After three consecutive years of La Niña conditions, the world now faces the risk of an opposite phenomenon called El Niño that occurs as a result of warming of the ocean surface in the central and eastern tropical Pacific Ocean.
While La Niña typically brings above-normal rainfall to South and Southeast Asia, the southern hemisphere, especially South America, typically sees below-normal rainfall. Now, with El Niño, West Africa, Southeast Asia and South Asia face the risk of below-normal rainfall.
The World Meteorological Organization has calculated that there is a high probability (up to a 90 percent probability) that El Niño will occur in the coming months. However, it is less clear how severe or mild the El Niño event would turn out to be.

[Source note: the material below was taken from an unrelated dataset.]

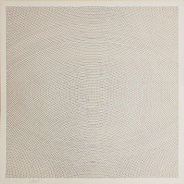 Sol LeWitt made this drawing, Red Grid, Blue Circles, Black Arcs, and Yellow Arcs, with what looks like colored pencils. It’s a process of layering, of color building upon color, that suggests an almost endless amount of time spent in its making. Look at how the grid gently curves. It almost feels like looking into some kind of expanding space. There is something very human about the touch of colored pencil on paper – you can see the texture of the paper showing through each mark. Even though the image is highly geometric, its real warmth lies in this imperfectly handmade quality. LeWitt gives us a structure, but it’s not a rigid, cold one. It is a loose and lyrical structure, like a musical score, or a complex set of possibilities. It reminds me of Agnes Martin's grid paintings. I think both artists invite us to slow down and find beauty in the simplest things.
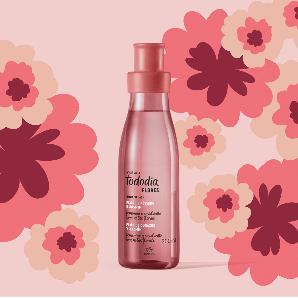 • envase ilustrado con las flores que inspiran la fragancia.

South America is critical to the global agricultural market. Interestingly, the impact of El Niño in South America shows regional variation. While the northern regions of South America face a drier climate, the southern parts of South America face a wetter climate.
More importantly, during El Niño periods, North America often witnesses excellent spring weather that boosts agricultural production.

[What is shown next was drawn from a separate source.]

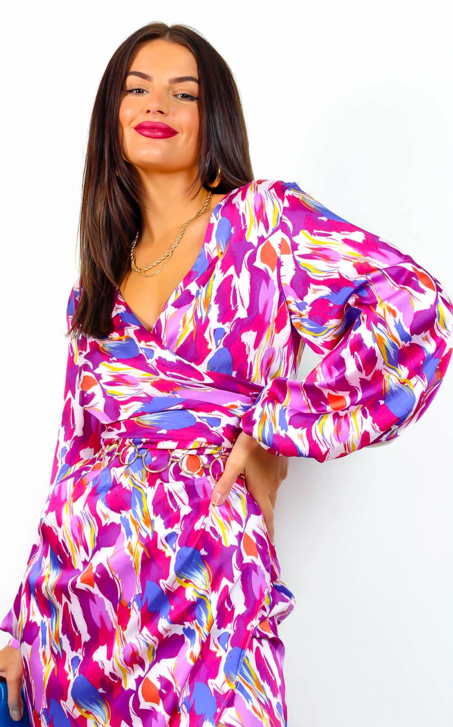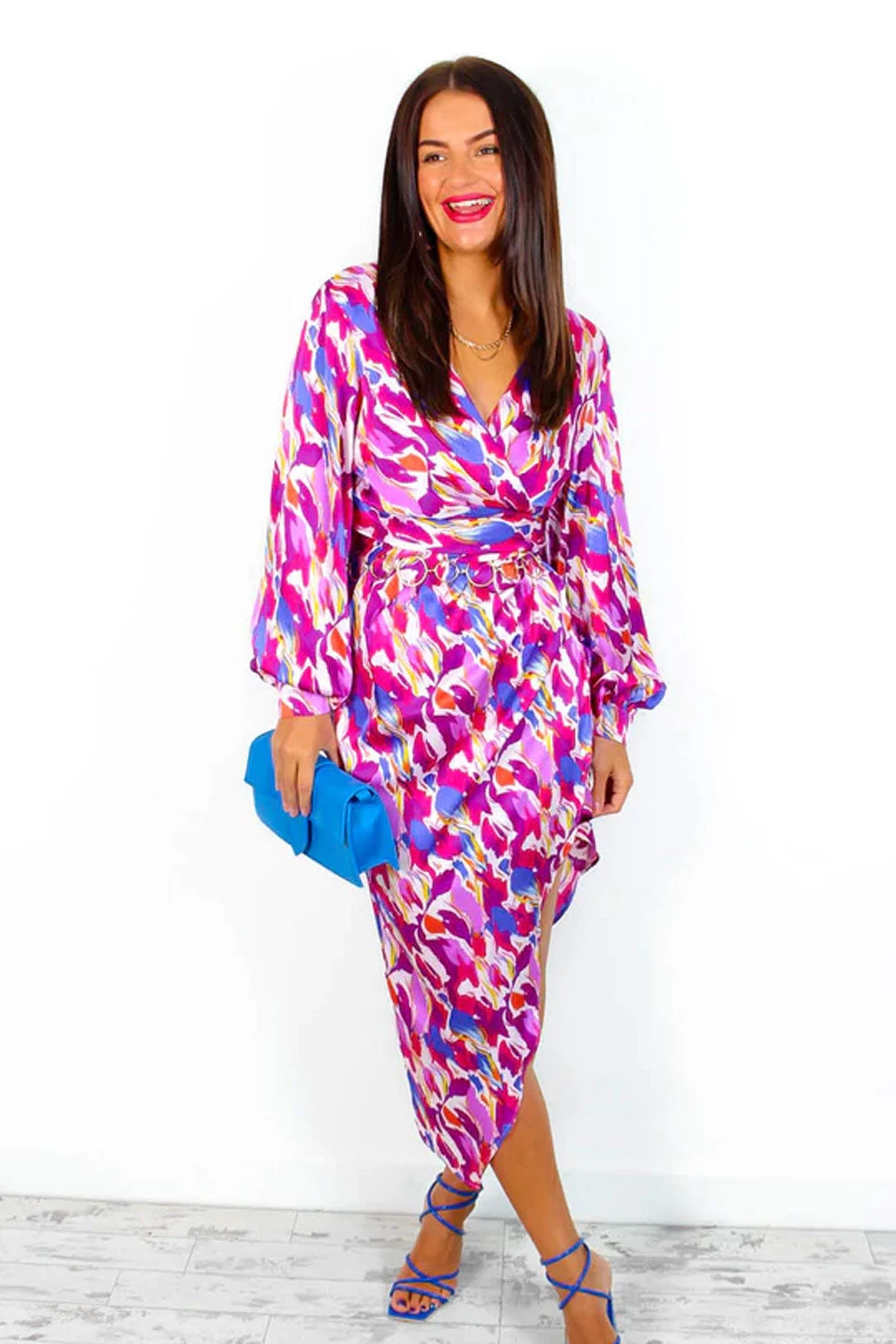 Classiest in the room – CHECK! This stunning dress boasts a brushstroke style abstract print in dreamy shades of pink and purple on a silky satin material. Complete with long, cuffed balloon sleeves, this midi dress also crosses over on the skirt creating a captivating leg split. Go an extra mile with cobalt accessories and be ready to catch those stares!Â

Given the likely geographic impact, the crops most vulnerable to El Niño include sugar, cocoa, coffee, rice, and palm oil. In other words, the market for these products faces an upside price risk. We are already witnessing price spikes.
For example, cocoa prices continue to soar to multi-year highs. The most active forward contract in New York, due to expire in September, hit $3,400 a tonne, the highest level since December 2015. Crude palm oil is trading around 3,700 ringgit a tonne, and expected to reach 4,000 ringgit a tonne as El Niño forecast prompted lower output two quarters from now. Other crops also show rising price levels.
Inflation concerns
While overall inflation has shown signs of moderating with tighter monetary conditions, any likely damage that El Niño may cause to these crops may delay the decline in inflation. In any case, developing countries are more vulnerable to the adverse effects of El Niño.
The dry weather that this phenomenon brings reduces the size of the harvest, reduces availability and raises food prices.
Also in tropical countries, El Niño-induced reductions in rainfall can result in reduced hydropower generation. If that is combined with higher global energy prices (crude oil, natural gas), emerging economies may face a double whammy of food inflation and energy inflation.
What are the crops most likely to be affected by El Niño? In West Africa, cocoa production in the Ivory Coast and Ghana is in jeopardy. In Asia, sugar production in India and Thailand, coffee in Vietnam and Indonesia, and rice in the Philippines and Thailand may be vulnerable.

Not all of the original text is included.